Страница 1 из 18
Марина Линник
Кровь дракона
Множество форм я сменил, пока не обрел свободу.
Я был острием меча – поистине это было;
Я был дождевою каплей, и был я звездным лучом;
Я был книгой и буквой заглавною в этой книге;
Я фонарем светил, разгоняя ночную темень;
Я простирался мостом над течением рек могучих;
Орлом я летел в небесах, плыл лодкою в бурном море;
Был пузырьком в бочке пива, был водою ручья;
Был в сраженье мечом и щитом, тот меч отражавшим;
Девять лет был струною арфы, год был морскою пеной;
Я был языком огня и бревном, в том огне горевшим.

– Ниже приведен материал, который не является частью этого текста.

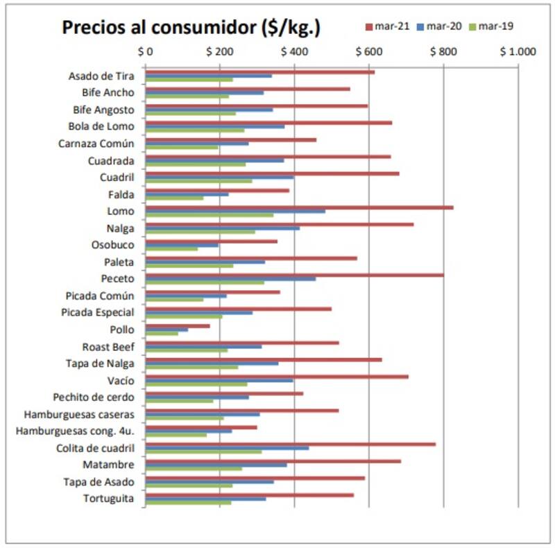 Según datos oficiales marzo fue un mes con muy precios calientes, al punto que el índice de precios al consumidor (IPC), que difundió la semana pasada el Indec, arrojó un alza de 4,8% en el mes. Sin embargo, el dato fue ampliamente superado por la evolución de los precios de la carne vacuna.
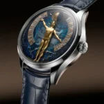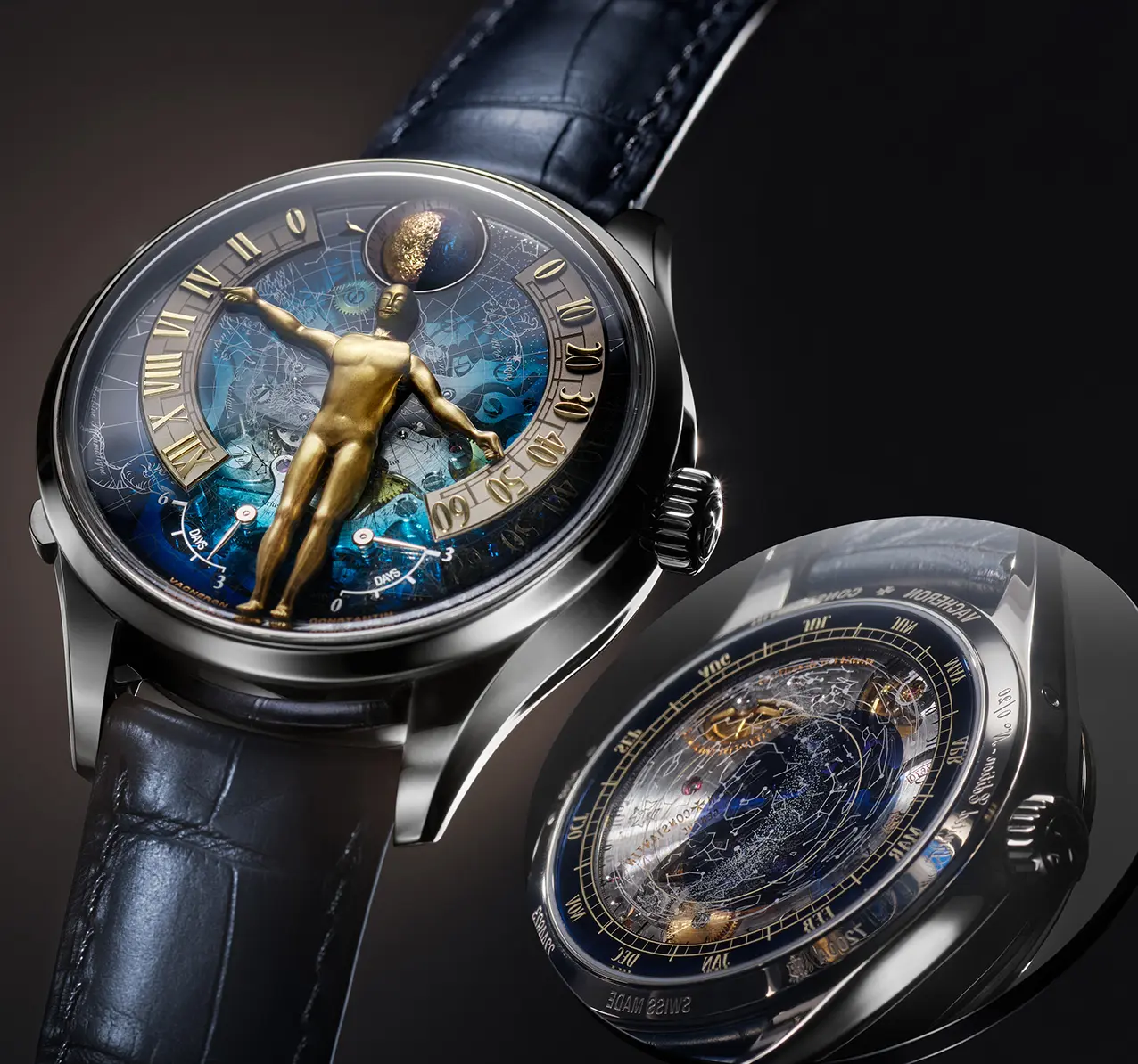 Valorizzata da una combinazione di mestieri d’arte tradizionali e tecniche decorative moderne, la figura si erge su uno sfondo che rappresenta le costellazioni così come potevano essere osservate da Ginevra il giorno della fondazione della Maison nel 1755. Essa è abbinata a una doppia indicazione retrograda della riserva di carica e fasi lunari tridimensionali di precisione con indicazione dell’età della luna. Il quadrante sul retro presenta una carta celeste che visualizza il giorno siderale e segue in tempo reale lo spostamento delle costellazioni, con una precisione che prevede una sola giornata di scarto in 9.130 anni. Concepito come omaggio all’orologio astronomico La Quête du Temps, creato per il 270° anniversario, il Métiers d’Art – Tributo alla Ricerca del Tempo è presentato in una cassa in oro bianco da 43 mm e in edizione limitata di 20 esemplari. Con la sua estetica distintiva e la sua meccanica innovativa, il modello Métiers d’Art – Tributo alla Ricerca del Tempo esprime in modo eloquente la visione di Vacheron Constantin nell’arte orologiera: valorizzare le innovazioni del passato, reinterpretarle e fonderle con sviluppi del tutto inediti.

С детства я создавал созвучия песен дивных;
Было же лучшим из них сказанье о Битве деревьев,
Где ранил я быстрых коней и с армиями сражался,
Где встретил страшную тварь, разверзшую сотни пастей,
На шее которой могло укрыться целое войско;
Видел я черную жабу с сотней когтей острейших;
Видел и змея, в котором сотня душ заключалась.
Талиесин
«Битва деревьев»
400 г. до н.э.
(Перевод Елены Фельдман)
И проклял Демон побежденный
Мечты безумные свои,
И вновь остался он, надменный,
Один, как прежде, во вселенной
Без упованья и любви!
М. Ю. Лермонтов
Пролог
Я засну в тех зеленых полях,
Где жизнь моя начиналась,
Где парни из Барр-на-Стрейде
Охотились на крапивника…
Сигерсон Клифорд
Британия, 333 год н.э.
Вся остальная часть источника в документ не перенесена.